Thread: Duplicate rows

Duplicate rows

From
Andy Lewis
Date:
I have a postgres db with at least 1000 rows in it. I'd like to know if its
possible to detect duplicate values of a column if I don't know which values
that are dups?

Thanks

Andy


Re: [SQL] Duplicate rows

From
Oleg Broytmann
Date:
Hello.

On Fri, 15 May 1998, Andy Lewis wrote:
> I have a postgres db with at least 1000 rows in it. I'd like to know if its
> possible to detect duplicate values of a column if I don't know which values
> that are dups?

   Try to create UNIQUE index on a problematic column. If creating the
unique index failes - there are duplicates (providing that creating the
index wouldn't fail by other reasons - disk full, memory shortage, etc.)

Oleg.
----
  Oleg Broytmann     http://members.tripod.com/~phd2/     phd2@earthling.net
           Programmers don't die, they just GOSUB without RETURN.


Re: [SQL] Duplicate rows

From
Andy Lewis
Date:
Right, I know that there are dups in the column. But, I don't know where they
are nor do I know their value(s). I want to be able to find, say, two interger
values that are in the same column but, different rows.

Thanks

Andy

On Sat, 16 May 1998, Oleg Broytmann wrote:

>Hello.
>
>On Fri, 15 May 1998, Andy Lewis wrote:
>> I have a postgres db with at least 1000 rows in it. I'd like to know if its
>> possible to detect duplicate values of a column if I don't know which values
>> that are dups?
>
>   Try to create UNIQUE index on a problematic column. If creating the
>unique index failes - there are duplicates (providing that creating the
>index wouldn't fail by other reasons - disk full, memory shortage, etc.)
>
>Oleg.
>----
>  Oleg Broytmann     http://members.tripod.com/~phd2/     phd2@earthling.net
>           Programmers don't die, they just GOSUB without RETURN.
>
>


Re: [SQL] Duplicate rows

From
Oleg Broytmann
Date:
Hi!

On Sat, 16 May 1998, Andy Lewis wrote:
> Right, I know that there are dups in the column. But, I don't know where they
> are nor do I know their value(s). I want to be able to find, say, two interger
> values that are in the same column but, different rows.

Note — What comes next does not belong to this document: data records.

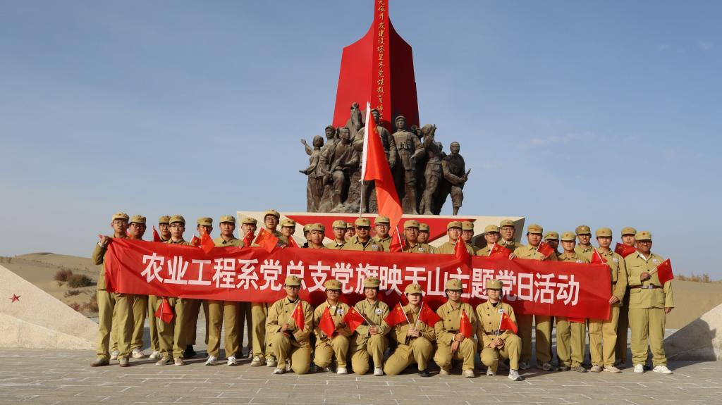 为进一步弘扬沙海老兵精神,继承和发扬革命先烈遗志,增强爱党爱国情怀,更好地发挥党员先锋模范作用。10月27日上午,农业工程系党总支开展了“党旗映天山”系列活动,全体党员共同参加,缅怀革命先烈,体悟革命精神。
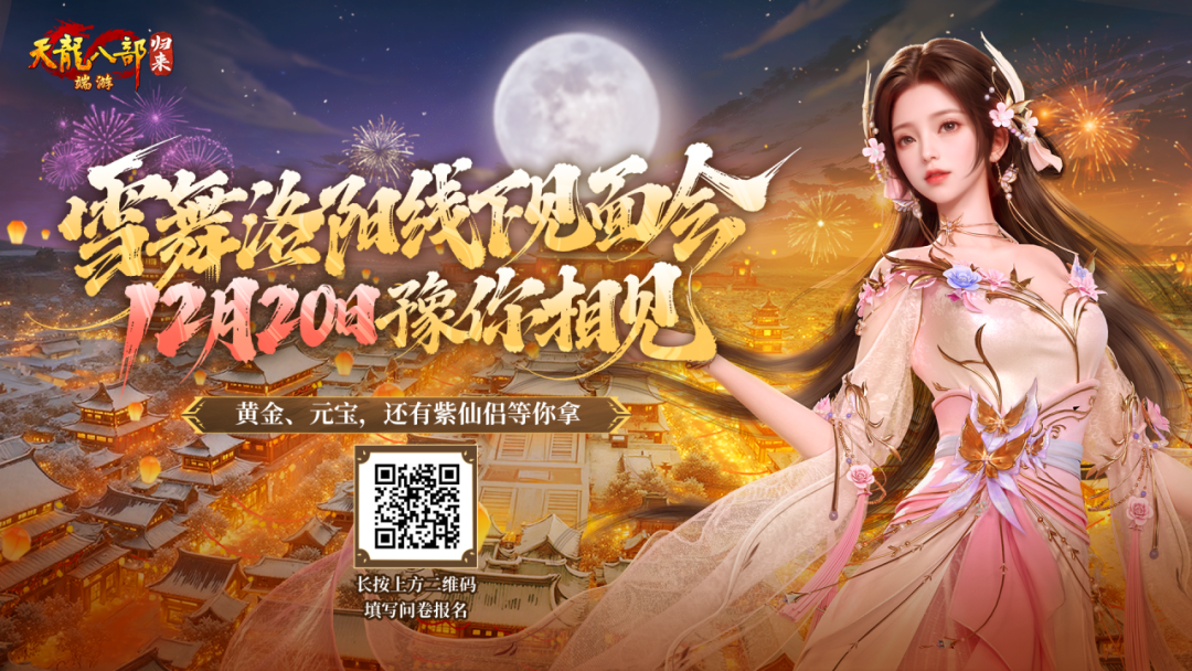 天龙江湖,不仅有快意恩仇,更少不了把酒言欢,这一次,我们不再隔屏相望。 游戏里的洛阳即将飘雪,游戏外,我们也将于12月20日在河南·洛阳,再次举办玩家见面会。和策划面对面交流,先领紫仙侣+周边伴手礼,再拿互动游戏奖励,还有精彩节目表演,诚邀各位大侠入席! 与此同时,备受瞩目的第二届“问剑归来”争霸赛总决赛,终于要在今晚7点正式拉开帷幕! 十六位高手已整装待发,只为那象征着江湖最高荣誉的冠军宝座! 雪舞洛阳 玩家见面会报名开启 下雪的洛阳是天龙玩家们永恒的情怀记忆,将见面会定址于此,只为让江湖情谊,在现实中寻得归处! 欢迎各位大侠踊跃报名,来见面会现场,和策划边吃边聊,共同探讨游戏后续规划,观看精彩节目表演,100%领永久紫仙侣时装+惊喜周边伴手礼,还有定制金条,2万绑元等奖励等你抱回家! 扫描图中二维码填写报名问卷 见面会活动时间: 2025年12月20日 签到和入场时间: 13:30-14:30 见面会开始时间: 14:30-17:00 精彩环节抢先看: 1、豪礼相送,满载而归 限定伴手礼:到场即得,内含仙侣情缘·紫绶(永久)及惊喜周边实物奖品。 惊喜抽奖:现场开启多轮抽奖,海量游戏元宝、定制金条、周边等实物大奖等你来拿! 2、策划面对面,畅聊规划 策划团队现场与您交流,无论是对玩法的建议、对门派的吐槽,还是对未来的期许,我们都将洗耳恭听。现场更将探讨后续版本规划,让你提前知晓江湖风向。 3、视听盛宴,古风佳人舞蹈 特邀专业舞者演绎古风天龙舞蹈,在曼妙舞姿中重回那片记忆中的苍山洱海。 4、趣味互动,默契大考验 江湖儿女,多才多艺。现场准备了你比我猜、听音乐猜地图等经典有奖互动游戏。奖品有2万元宝、1.2万元宝、鼠标垫、充电宝等惊喜奖励! 5、现场竞技,公平PK 谁是最强操作王?现场特设公平竞技PK区,大侠们可上台切磋,我们将根据每位玩家的胜场次数发放丰厚奖励。 把酒言欢,是跨越山海的相知;剑影交错,是问剑归来的豪情。 江湖的每一次精彩,都因有你的参与而闪耀。 见面会名额有限,机不可失,快来报名参加吧! 看决赛 赢神秘礼包+实物好礼 看巅峰对决,怎能少得了好礼助兴?为了感谢各位大侠对赛事的关注,龙妹在准备了丰厚的观赛奖励!锁定决赛,参与互动,海量福利拿到手软! 直播时间: 今日19:00 - 22:00 观看决赛: 小音符+微信视频号 同步放送 零门槛必得: 观看决赛点击小风车即可领取决赛专属神秘礼包,还有更多限定礼包,助你战力更上一层楼! 实物大奖狂送: 直播期间,将不间断发放福袋。天龙归来定制金条3g、纪念金钞1g、键盘、音箱、充电宝、鼠标垫等一系列周边好礼等你来拿,千万不要错过! 竞猜得元宝: 有奖竞猜火热进行中,400绑元等你轻松拿走! 还剩最后9小时的时间,还未参与竞猜的玩家快扫描下方二维码参与活动,拿走绑元奖励吧! 今晚19:00,龙妹在决赛现场与你不见不散~ |
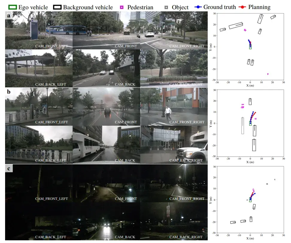 在定量结果之外,我们还给出三类代表性可视化示例:(i)PV 视角下的 2D 检测 / 实例分割与 mono 3D 检测结果,(ii)BEV 视角下的 3D 检测与 map 分割,(iii)NAVSIM /nuScenes 场景中的端到端规划轨迹。
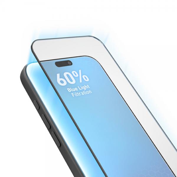 Sticla securizată SBS Eyesafe pentru iPhone 17 Pro Max oferă protecție avansată pentru ecran, susținând în același timp confortul ochilor în utilizarea zilnică. Dezvoltată cu sprijinul medicilor și confirmată prin cercetări, tehnologia Eyesafe CPF60 filtrează 60% din lumina albastră emisă de ecran. Astfel, poți utiliza smartphone-ul mai mult timp, reducând oboseala ochilor și susținând ritmul natural al somnului.
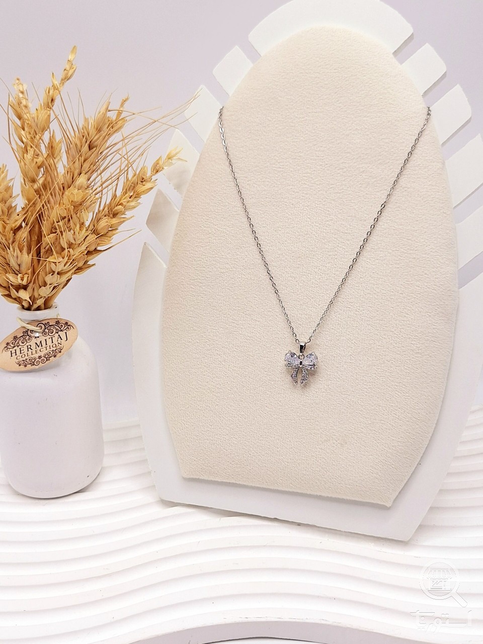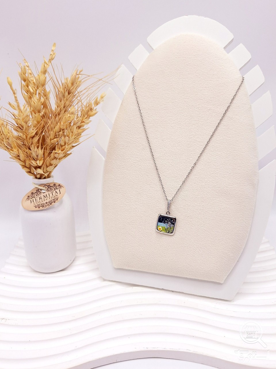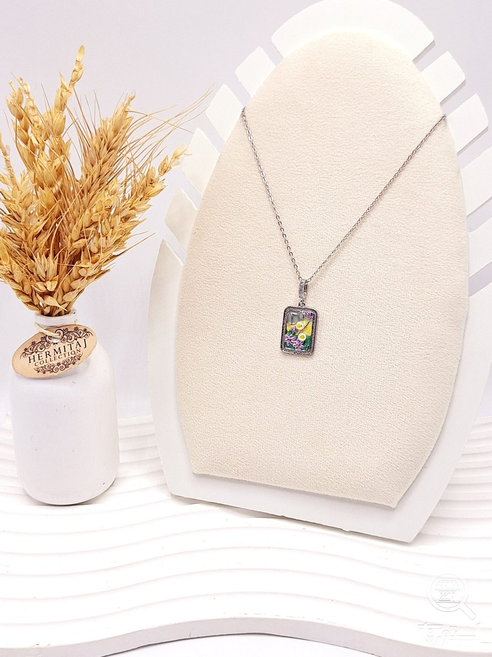 گردنبند میناکاری طرح گل پنج پر بنفش
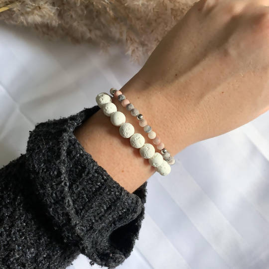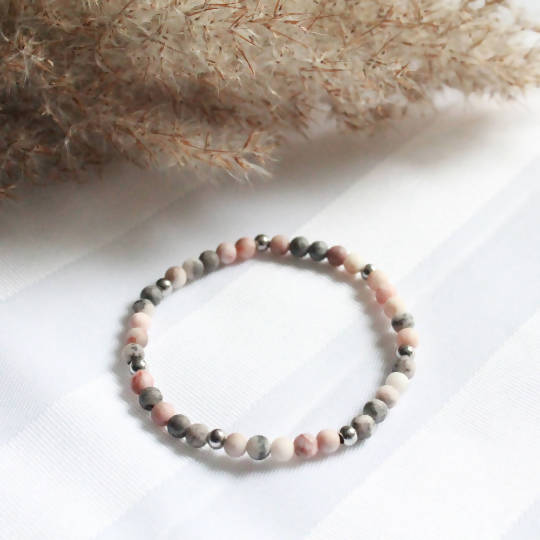 Bracelet élastique pour femmes fait de petites billes (4mm) de Jaspe zébré rose et acier inoxydable. Avec ses pierres roses, grises et blanches, ce bracelet créé un look doux, féminin et minimaliste. Les petites billes en acier inoxydable argenté ajouteront un petit côté brillant.
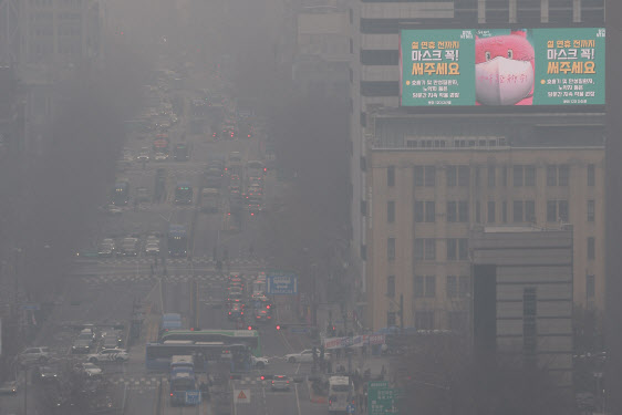 초미세먼지 농도가 ‘나쁨’ 수준을 보인 20일 오전 서울 종로구 서울시교육청에서 바라본 도심이 뿌옇다. (사진=연합뉴스) |
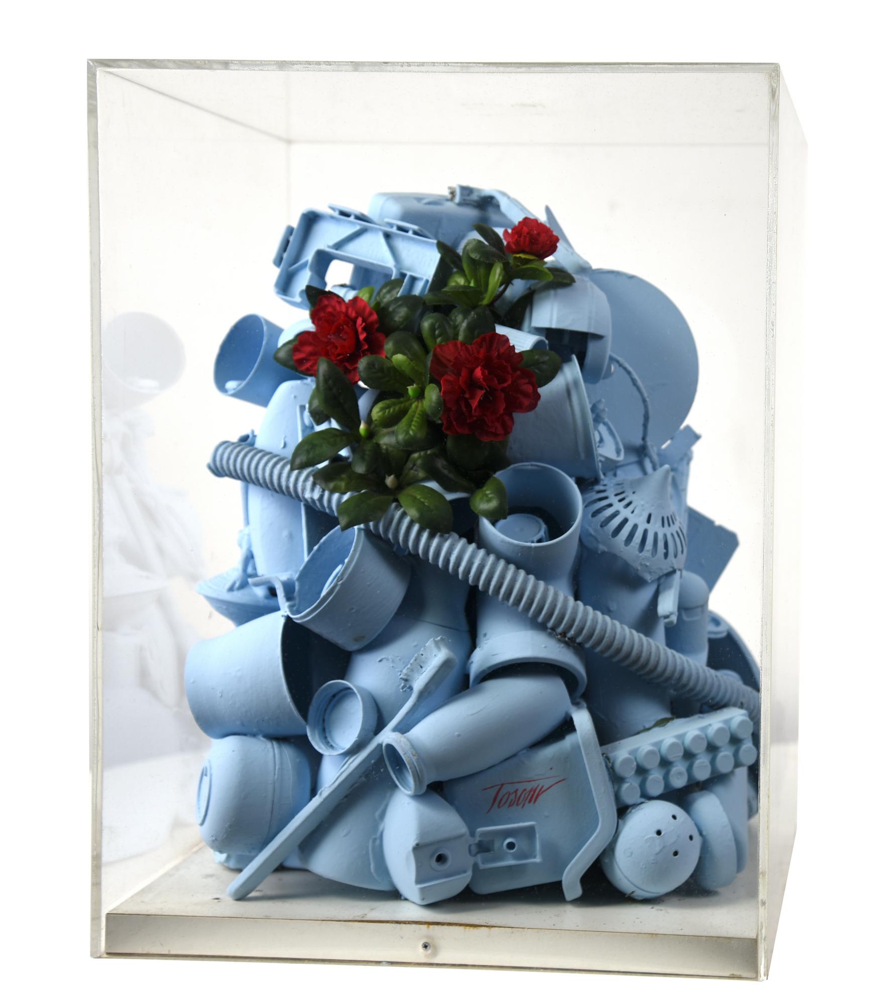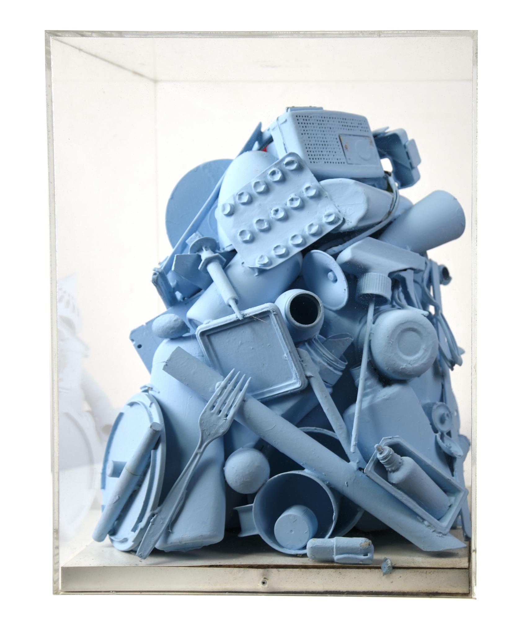 accumulazione di materiale plastico e acrilico, entro teca in plexiglass, cm 47,5x36x36

   It seems that you need a correlated subquery - a loop for every row, that
tests whether there are equal values.

SELECT oid, mycolumn FROM mytable a
   WHERE mycolumn IN
      (SELECT oid, mycolumn FROM mytable b
         WHERE a.oid <> b.oid)

Or may be, join with the same table. Not sure what is better in this
situation.

SELECT oid, mycolumn FROM mytable a, mytable b
   WHERE a.oid <> b.oid AND
      a.mycolumn = b.mycolumn

   In both cases "a.oid <> b.oid" excludes the same row from comparison (I
am pretty sure that in the same row a.mycolumn = b.column :).

Oleg.
----
  Oleg Broytmann     http://members.tripod.com/~phd2/     phd2@earthling.net
           Programmers don't die, they just GOSUB without RETURN.


Re: [SQL] Duplicate rows

From
Bruce Stephens
Date:
Andy Lewis <alewis@mpsi.net> writes:

> Right, I know that there are dups in the column. But, I don't know
> where they are nor do I know their value(s). I want to be able to
> find, say, two interger values that are in the same column but,
> different rows.

How about

SELECT t1.col,t1.oid, t2.oid FROM fred AS t1, fred AS t2
    WHERE t1.col=t2.col AND t1.oid<t2.oid

(I haven't tested this, but it's the right kind of idea: select the
interesting bits from a self-join.)

Re: [SQL] Duplicate rows

From
Andy Lewis
Date:
Thanks, I'll give it a try.

Andy

On Sat, 16 May 1998, Oleg Broytmann wrote:

>Hi!
>
>On Sat, 16 May 1998, Andy Lewis wrote:
>> Right, I know that there are dups in the column. But, I don't know where they
>> are nor do I know their value(s). I want to be able to find, say, two interger
>> values that are in the same column but, different rows.
>
>   It seems that you need a correlated subquery - a loop for every row, that
>tests whether there are equal values.
>
>SELECT oid, mycolumn FROM mytable a
>   WHERE mycolumn IN
>      (SELECT oid, mycolumn FROM mytable b
>         WHERE a.oid <> b.oid)
>
>Or may be, join with the same table. Not sure what is better in this
>situation.
>
>SELECT oid, mycolumn FROM mytable a, mytable b
>   WHERE a.oid <> b.oid AND
>      a.mycolumn = b.mycolumn
>
>   In both cases "a.oid <> b.oid" excludes the same row from comparison (I
>am pretty sure that in the same row a.mycolumn = b.column :).
>
>Oleg.
>----
>  Oleg Broytmann     http://members..tripod.com/~phd2/     phd2@earthling.net
>           Programmers don't die, they just GOSUB without RETURN.
>
>